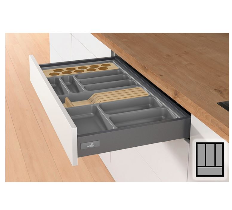 Universeel inzetbare bestekbak met een breedte van 301-350mm en een diepte van 370-440mm.
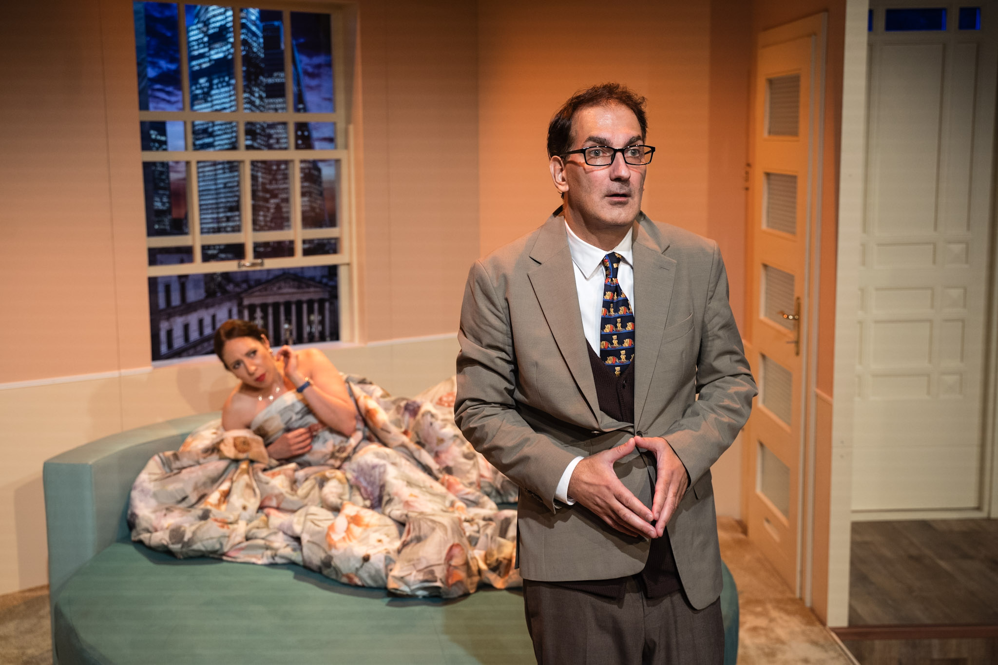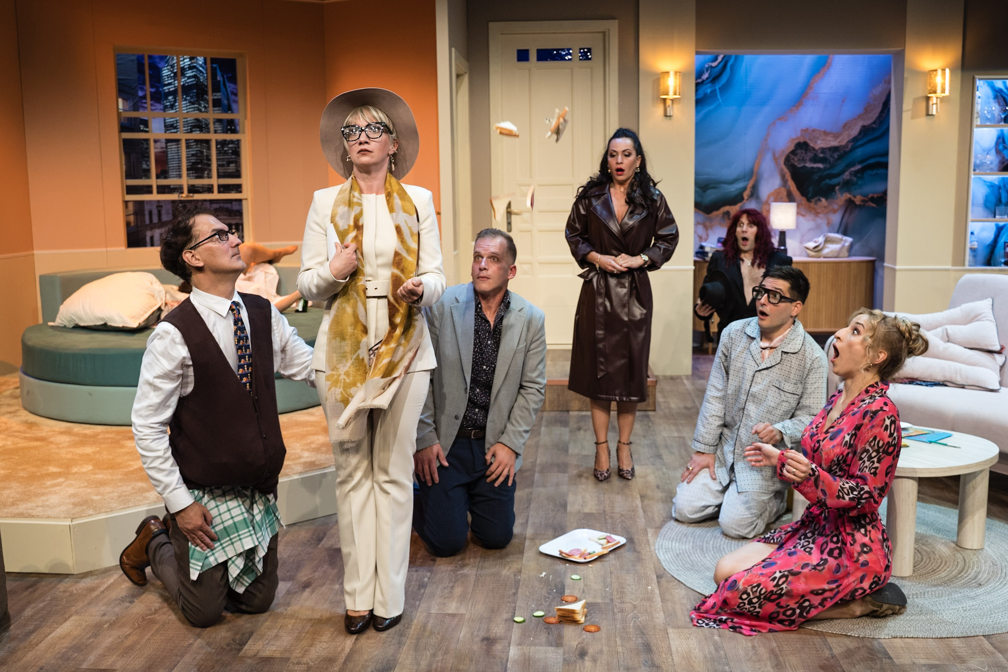 Míg a kiadótulajdonos Philip üzlettársa, a forróvérű Henry vakrandit szervez, felesége Linda újdonsült pasijával hancúrozna, a belsőépítész pedig szívesen elcsábítaná a szemrevaló au pair lányt… A lakás tehát nem egyszerűen átjáróházzá, hanem egy izgalmas bújócska-fogócska helyszínévé válik, míg végül szinte mindenki más néven és szerepben mutatkozik be a váratlanul betoppanó befutott, ám rendkívül maradi gondolkodású Miss Cooknak, aki új kiadót keres legújabb sikerkönyve publikálására.
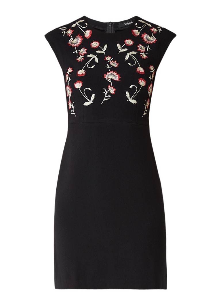 Jurk met opengewerkte details met gekleurde underlay zwart
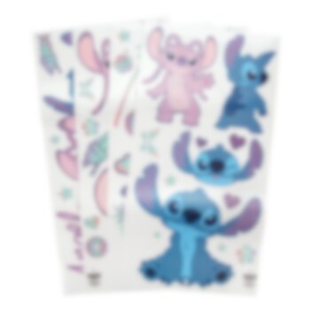 58 st. väggdekaler med motiv från Lilo & Stitch, perfekta för att dekorera väggarna och ge rummet en personlig touch! Dekalerna är fördelade på 4 ark och varierar i storlek från 3 till 16 cm, vilket ger dig många kreativa möjligheter att skapa din egen unika design.
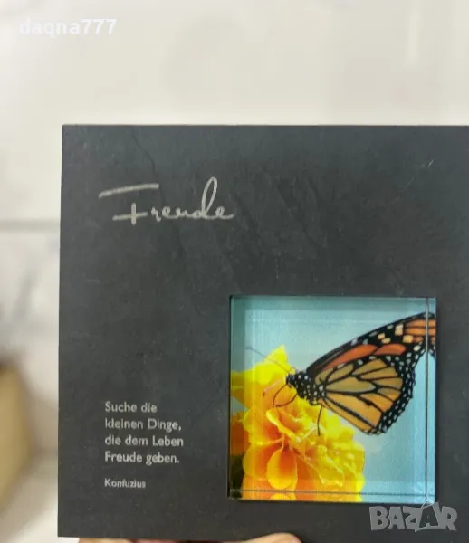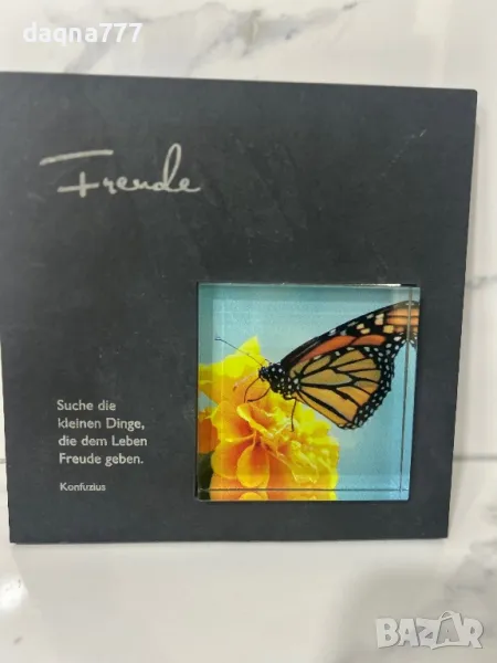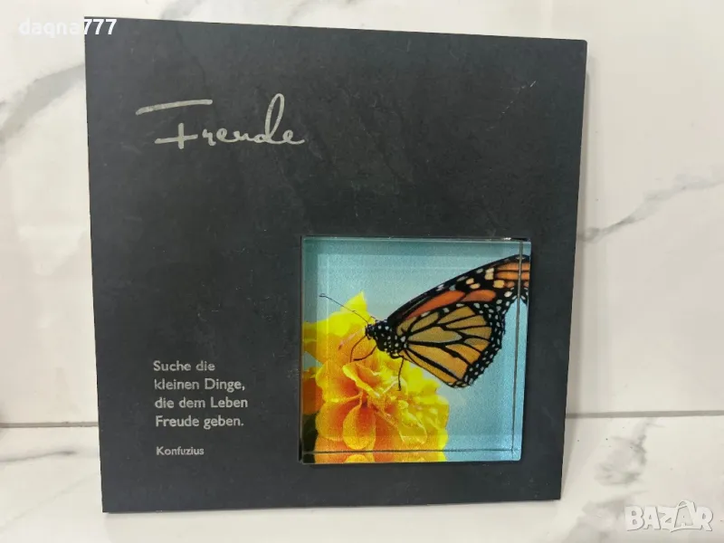 Масивна гранитна плочка/ здрава като приятелството ви/ истински гранит/, в съчетание с цветна пеперуда/ 3D в стъкло - колко е красив животът!
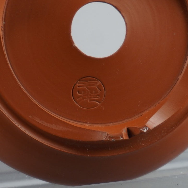 盆栽鉢 羽苑 小鉢 長辺 約 7.7cm 丸鉢 泥物 現品 中古鉢 品名羽苑...
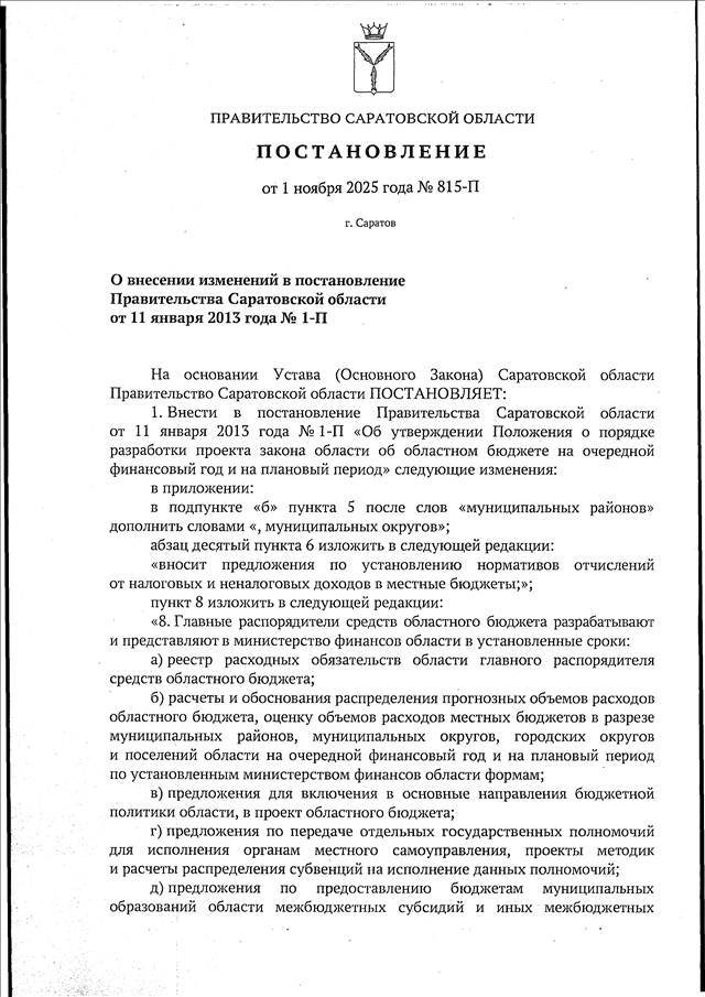 Постановление Правительства Саратовской области от 01.11.2025 N 815-П "О внесении изменений в постановление Правительства Саратовской области от 11 января 2013 года N 1-П"
++++
> Task directions:
Exactly retype each record above, dropping images.

> Result for this exercise:
 Universeel inzetbare bestekbak met een breedte van 301-350mm en een diepte van 370-440mm.
 Míg a kiadótulajdonos Philip üzlettársa, a forróvérű Henry vakrandit szervez, felesége Linda újdonsült pasijával hancúrozna, a belsőépítész pedig szívesen elcsábítaná a szemrevaló au pair lányt… A lakás tehát nem egyszerűen átjáróházzá, hanem egy izgalmas bújócska-fogócska helyszínévé válik, míg végül szinte mindenki más néven és szerepben mutatkozik be a váratlanul betoppanó befutott, ám rendkívül maradi gondolkodású Miss Cooknak, aki új kiadót keres legújabb sikerkönyve publikálására.
 Jurk met opengewerkte details met gekleurde underlay zwart
 58 st. väggdekaler med motiv från Lilo & Stitch, perfekta för att dekorera väggarna och ge rummet en personlig touch! Dekalerna är fördelade på 4 ark och varierar i storlek från 3 till 16 cm, vilket ger dig många kreativa möjligheter att skapa din egen unika design.
 Масивна гранитна плочка/ здрава като приятелството ви/ истински гранит/, в съчетание с цветна пеперуда/ 3D в стъкло - колко е красив животът!
 盆栽鉢 羽苑 小鉢 長辺 約 7.7cm 丸鉢 泥物 現品 中古鉢 品名羽苑...
 Постановление Правительства Саратовской области от 01.11.2025 N 815-П "О внесении изменений в постановление Правительства Саратовской области от 11 января 2013 года N 1-П"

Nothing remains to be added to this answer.